Verizon released its annual Data Breach Digest on Tuesday, an incident report which looks at cyberattack trends in both the commercial and government sectors. In 2015, the Verizon RISK Team was retained to investigate more than 500 cybersecurity incidents in 40 countries, according to the report.
Among other things, the report found that most cyberattacks share common traits, such as weak password protection, human error, malware and device hacking.
Just 12 scenarios represented more than 60% of the Verizon Risk team’s investigations.
The report found that human error is still a common source of breaches. In the last three years, Verizon found human error responsible for almost 30% of data breaches.

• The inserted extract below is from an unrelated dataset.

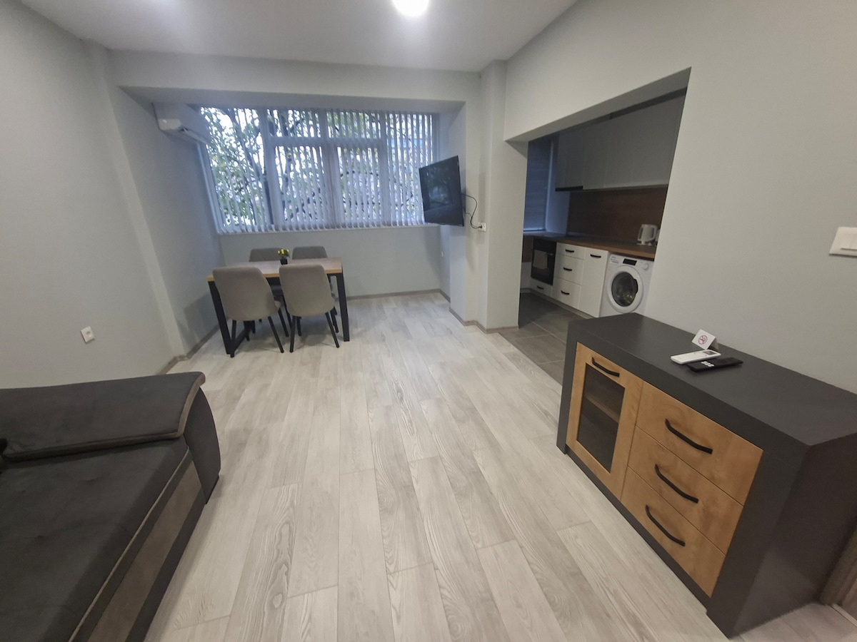 Estudio de lujo en la parte más atractiva de Rousse, a 50 metros del río Danubio y a 2 minutos a pie de la plaza central de la ciudad. El estudio tiene su propio baño, cocina americana, mesa de comedor, escritorio, nevera, secador de pelo, plancha, tabla de planchar, lavadora con secadora y juego completo de cubiertos y vasos. La cama principal mide 180x200 cm con un cómodo colchón de lujo. El estudio está en la planta baja en un edificio de nueva construcción y tiene vistas a un patio privado.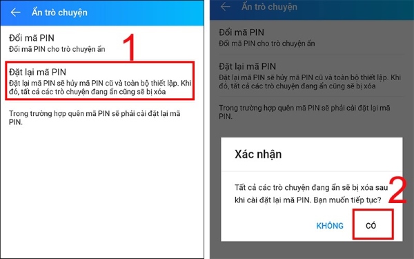 Bước 3: Chọn Đặt lại mã PIN và nhấn Có.

The top three tactics were phishing (72%), pretexting (16%) and bribery/solicitation (10%).
Verizon also found that devices play a significant role in data breaches as "assets targeted either for the data they store/process or because of their accessibility to the outside world."
Among devices, POS intrusions and payment card skimmers accounted for 40% of the data breaches Verizon investigated.
The report also found that 80% of data breaches involve exploitation of stolen, weak, default or easily guessable passwords.
Malware was another common thread. More than 50% of confirmed data breaches over the past three years featured malware somewhere along the attack chain, according to Verizon. "Whether malware is introduced as the very first event or used post-compromise to advance the attack (or both), it is expected to be an integral part of any sophisticated data breach," according to the report.
Data breaches involving malware also featured hacking actions 80% of the time and social actions 44% of the time.
Verizon recommended businesses help protect themselves from data breaches by creating a plan based on people, processes and technology, and then testing and reassessing the plan often.